Algebraic Cycles and Algebraic K-theory

Outline of course and guide to the literature 

Lecturer Abhijnan Rej (Bonn and Durham)

Time/Place Tuesday 3:15 pm/EH 101

Lecture 0: November 9th Overview Special time (5:15pm) and place (CM105)

Lecture 1: November 13th Review of preliminaries

  • Sheaves 
  • Preschemes and schemes; smoothness, projectivity and quasiprojectivity
  • Vector bundles, locally free sheaves and Grothendieck group

Guide to reading: Kunz- Introduction to commutative algebra and algebraic geometry (first few chapters), Hartshorne chapter 2 (first couple of sections) and Hatcher- Vector bundles and K-theory.

Lecture 2: November 20th Introduction to cycles

  •   Definition and first properties of cycles
  •   Equivalence relations on cycles; adequate relations (time permitting)
  •   Chow group and the Grothendieck group

Guide to reading: Hartshorne (appendices on tanscendental methods). Murre's paper on pure motives (beginning sections).
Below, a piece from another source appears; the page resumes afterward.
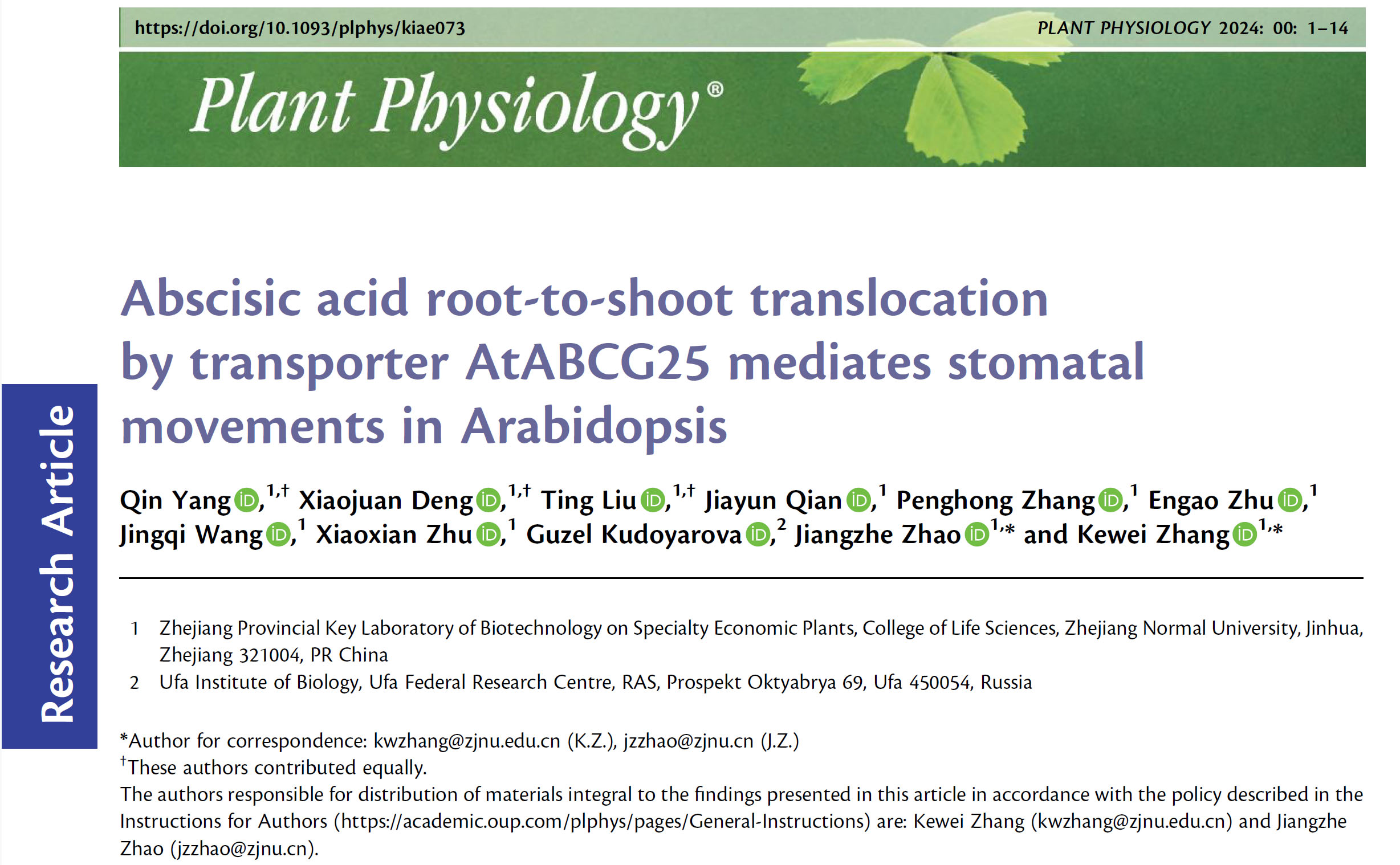 近日,浙师大生命科学学院张可伟教授团队在国际植物生理顶级期刊(一区TOP5 年影响因子8.97Plant Physiology在线发表了题为Abscisic acid root-to-shoot translocation by transporter AtABCG25 mediates stomatal movements in Arabidopsis”的研究论文,揭示了ABC转运蛋白AtABCG25负责由根向地上组织运输脱落酸(ABA)和脱落酸葡萄糖脂(ABA-GE)并调控气孔运动的分子机制。

Lecture 3: November 27th Basic intersection theory and characteristic classes

  • Characteristic classes of smooth schemes
  • Moving lemma (special cases) and intersection number.- focus on surfaces.
  • Riemann-Roch theorems (emphasis on the plural!)
  • Intersections of cycles of a complex manifold

Guide to reading: I will distribute some notes; also Hartshorne's appendix on intersection theory. A couple of chapters of Griffiths-Harris  (for the complex manifold  story). The  bible of intersection theory is Fulton's book of the same name though we wont need so much machinery for our purpose.